Anonymous Monk has asked for the wisdom of the Perl Monks concerning the following question:

Hi

I am trying to get a regex to look through $source ($source = get($url);) and see if <option value="0_memberOf_ exists, and if so, I want to copy anything in the option tag's value.

Can someone help me with this one?

  • Comment on Quick regex for finding something in an OPTION tag

Replies are listed 'Best First'.
Re: Quick regex for finding something in an OPTION tag
by ig (Vicar) on Oct 28, 2008 at 21:19 UTC

    Parsing HTML correctly is non-trivial. You might find it better to use one of the existing modules for parsing the HTML. HTML::Parser and HTML::TreeBuilder come to mind.

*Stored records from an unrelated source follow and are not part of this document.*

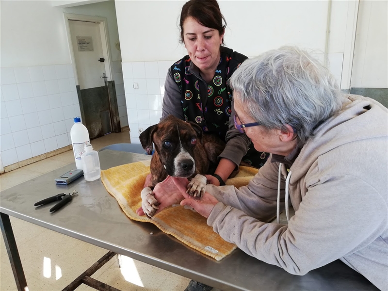 Am nächsten Tag kam Santo, oder Ojitos (« Äuglein » auf Spanisch) wie er bei uns im Tierheim auch liebevoll genannt wird, zu uns ins Tierheim. Sein Zustand war kritisch. Uns war klar dass er neben grossem Hunger und Durst, auch Leishmaniose hat, sowie mit Sicherheit noch einige andere Probleme. Santo war das pure Elend. Er war sehr müde und konnte nicht laufen … und trotz allem hatte er noch die Kraft und auch die Lust zu Leben, und allein mit den allerersten Hilfsmassnahmen, ging es ihm schnell deutlich besser. Die ersten drei Tage konnte Santo nur aufstehen, wenn wir ihn mit einem speziellen Geschirr für die Hinterbeine getragen haben. So konnten wir ihm helfen, mehrmals täglich seine Geschäfte zu erledigen. Wir haben alle gedacht dass sein Bein gebrochen wäre, aber das war nicht so. Er war einfach extrem schwach. Am vierten Tag konnte er schon kurz von alleine aufstehen, und ab dann ging es täglich und stetig bergauf … und das ist bis heute so. Bei seiner Ankunft hat Santo 12 Kilo gewogen … jetzt wiegt er 18,8 Kilo und es geht ihm herrvorragend! Die ganzen Behandlungen und unsere Pflege haben von der ersten Minuten an prima gewirkt, und wir sind immernoch hoffnungsvoll, dass er mit seinem rechten Auge noch relativ gut sehen wird.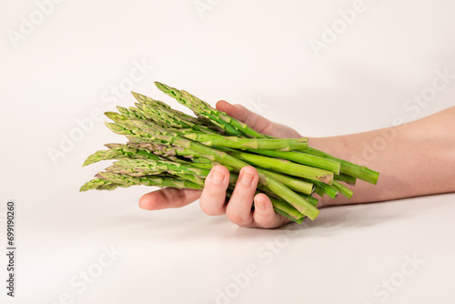 asparagus, vegetable, food, fresh, green, healthy, isolated, bunch, white, raw, organic, diet, ingredient, vegetarian, nourishment, vegetable, natural, cooking, hand, epicure, bundle, health, uncooked, nature, holding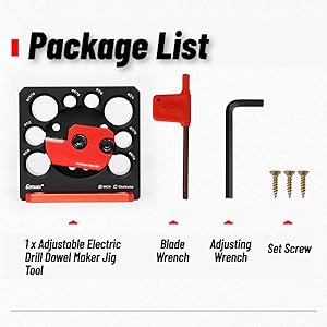 comfortable and provides a long service life.rning Holes: The dowel maker jig is adjustable and comes with eight different diameter turning holes. By loosening the screw and rotating the red tool holder, you can easily set the desired diameter for your dowels.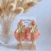 Ce modèle signature associe un cabochon lumineux, une délicate fleur dorée et de fines pampilles en mouvement, pour un rendu à la fois élégant et plein de caractère.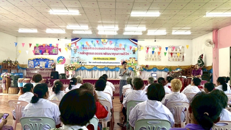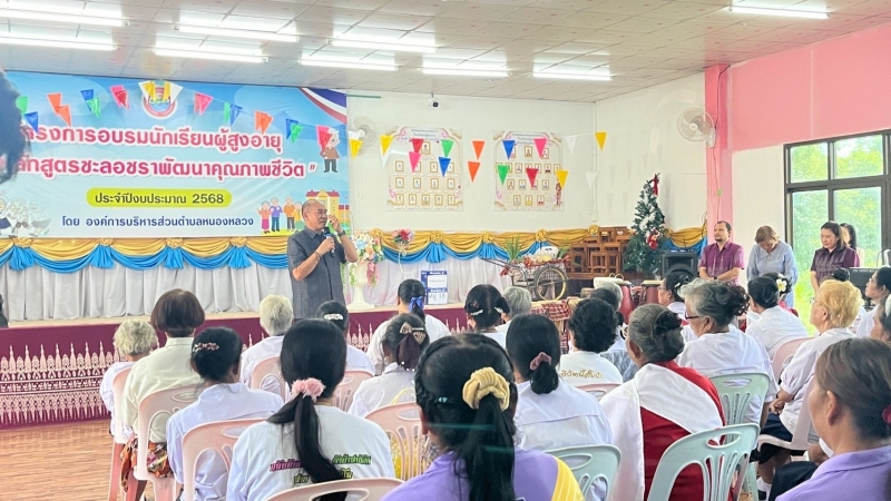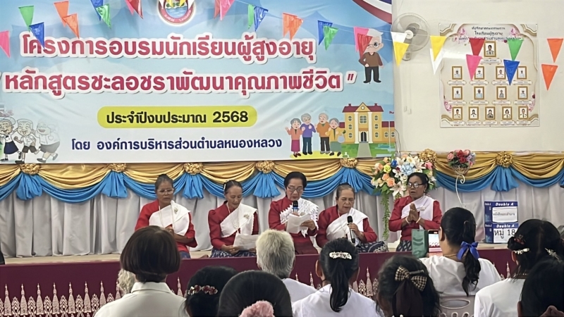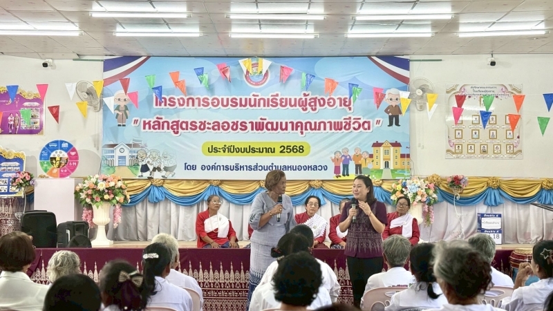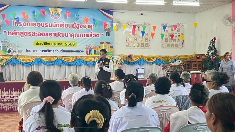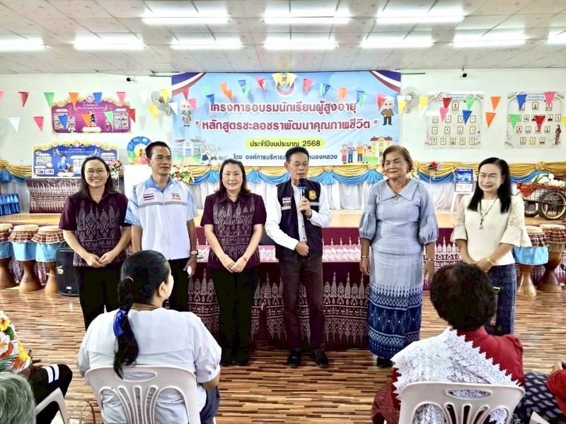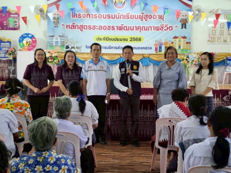 วันที่ 17 กันยายน 2568 เวลา 09.00 น. องค์การบริหารส่วนตำบลหนองหลวง โดยกองสวัสดิการสังคม ได้ดำเนินกิจกรรมเปิดโรงเรียนผู้สูงอายุตำบลหนองหลวง ประจำเดือน กันยายน ปี 2568 ภายใต้โครงการอบรมนักเรียนผู้สูงอายุ "หลักสูตรชะลอชราพัฒนาคุณภาพชีวิต" โดยได้รับเกียรติจาก นางสาวปราณี วงศ์บุตร รองผู้ว่าราชการจังหวัดหนองคาย พร้อมด้วย สนง.พัฒนาสังคมและความมั่นคงของมนุษย์จังหวัดหนองคาย ร่วมกับ สนง.เหล่ากาชาดจังหวัดหนองคาย ชมรมแม่บ้านมหาไทยจังหวัดหนองคาย และสนง.สาธารณสุขจังหวัดหนองคาย ร่วมเป็นเกียรติพบปะให้กำลังใจนักเรียนโรงเรียนผู้สูงอายุ อบต.หนองหลวง โดยมี ว่าที่ร้อยตรีพงษ์สิทธิ์ เปรยะโพธิเดชะ นายอำเภอเฝ้าไร่ นายทวี กุลสุวรรณ์ รองนายกองค์การบริหารส่วนตำบลหนองหลวง นางสาวเยาวนาถ ศรีตะบุตร ผอ.กองสวัสดิการสังคม ให้การต้อนรับ ซึ่งมีกิจกรรมในหัวข้อเรื่องการสร้างเสริมบุคลิกภาพและคุณค่าในตนเอง ดำเนินกิจกรรมโดย นางนรินทร์ ดวงภมร ข้าราชการครูบำนาญและคุณธรรมนำชีวิต (ละครคุณธรรม)โดย นางเนตร ธรรมขันธ์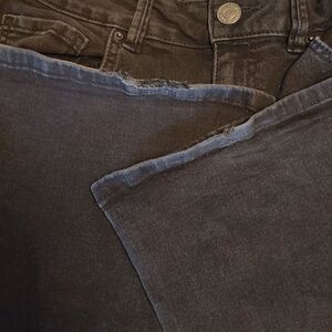 Solid black, stretch sustainable denim. High waist. 3 front pockets, 2 snap button closure back pockets. Belt loops. Western boho style, with bootcut hems. Button zip fly closure. Super soft & stretchy.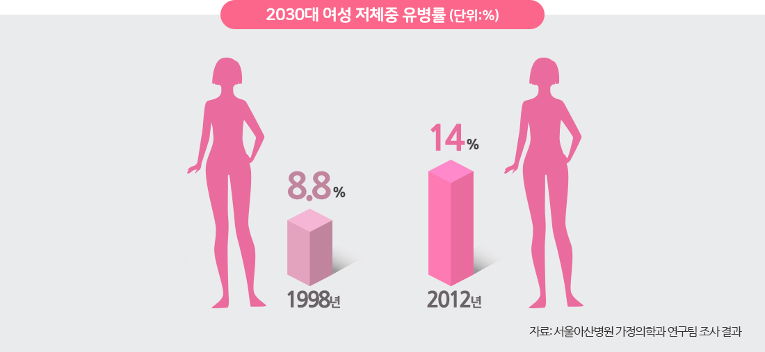 저체중 여성도 늘었다외모는 곧 능력이고, 마른 몸매가 곧 아름다움이라 여기는 사회 분위기 속에서 저체중인 젊은 여성이 꾸준히 증가하는 등 건강이 심각하게 위협받고 있다. 실제로 서울아산병원 가정의학과 연구팀이 조사한 결과를 보면, 1998년 8.8%였던 20~30대 여성 저체중 환자가 2012년 14%로 늘어난 것을 알 수 있다.
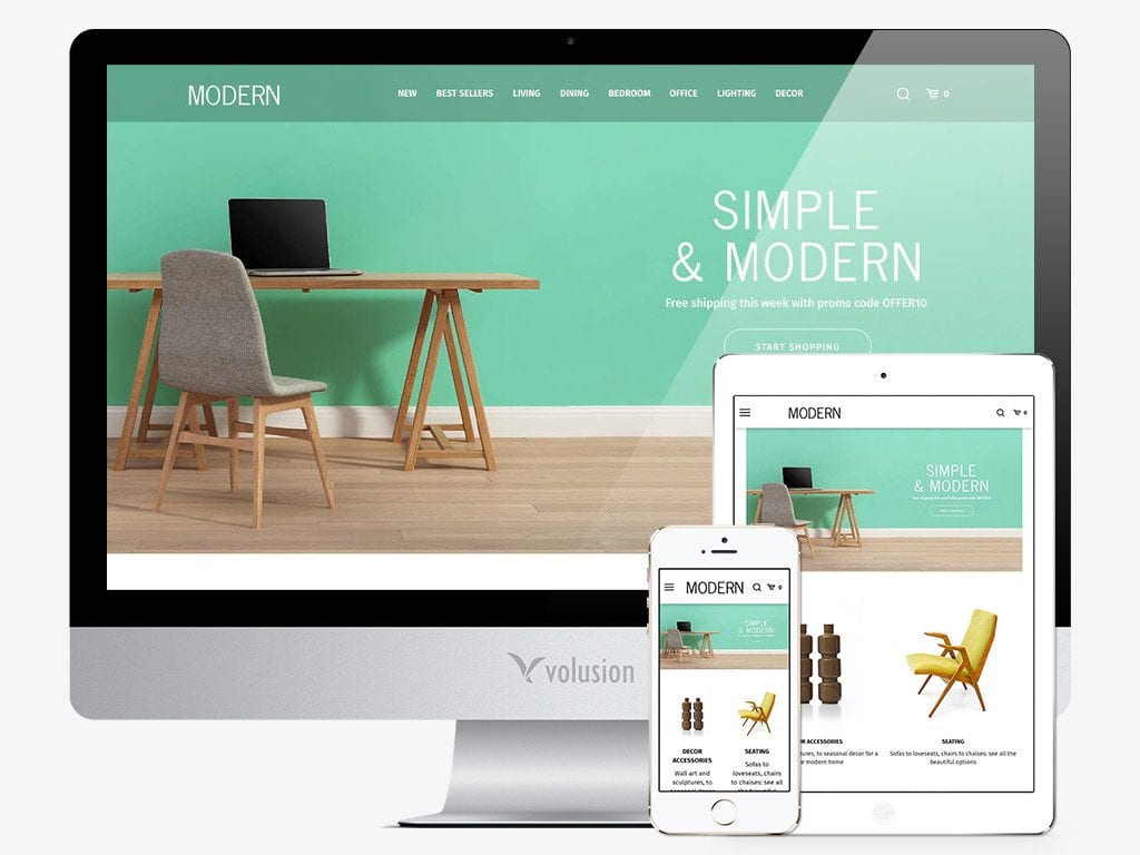 Modern is a fully responsive, mobile friendly clean, minimal theme. Modern, is Content Builder enabled, making it easy to customize and maintain. Volusion’s Modern template costs: $180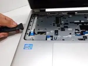 Вставьте инструмент (Jimmy) между клавиатурой и верхней панелью. Аккуратно подденьте защёлки, чтобы клавиатура освободилась. НЕ ВЫТЯГИВАЙТЕ КЛАВИАТУРУ ПОКА.

Re: Quick regex for finding something in an OPTION tag
by GrandFather (Saint) on Oct 28, 2008 at 23:24 UTC

    The regex you want is trivial: /^0_memberOf_/. Figuring out where to use it is more interesting. Using HTML::Parser you could:

    use warnings; use strict; use HTML::Parser; my $html = <<HTML; <html> <body> <option value="0_memberOf_x">Ya want this?</option> </body> </html> HTML my $h = HTML::Parser->new (); my @stack; $h->handler (start => sub {return startOption (\@stack, @_);}, 'tag, +attr'); $h->handler (text => sub {return optionText (\@stack, @_);}, 'text'); $h->handler (end => sub {return endOption (\@stack, @_);}, ''); $h->parse ($html); sub startOption { my ($stack, $tag, $attr) = @_; push @$stack, [$tag, $attr->{value}]; } sub optionText { my ($stack, $text) = @_; return unless @$stack; push @{$stack->[-1]}, $text; } sub endOption { my ($stack) = @_; my ($tag, $match, $text) = @{pop @$stack}; return unless $tag eq 'option' && defined ($match) && $match =~ /^ +0_memberOf_/; print "$match: $text\n"; }

    Prints:

    0_memberOf_x: Ya want this?

    Perl reduces RSI - it saves typing
Re: Quick regex for finding something in an OPTION tag
by aquarium (Curate) on Oct 29, 2008 at 03:16 UTC
    i'd normally use the CGI module and $myvar=param('option')
    perldoc -f CGI shows some good examples
    the hardest line to type correctly is: stty erase ^H

      Can you post some code which shows how you parse HTML with CGI? I'm curious!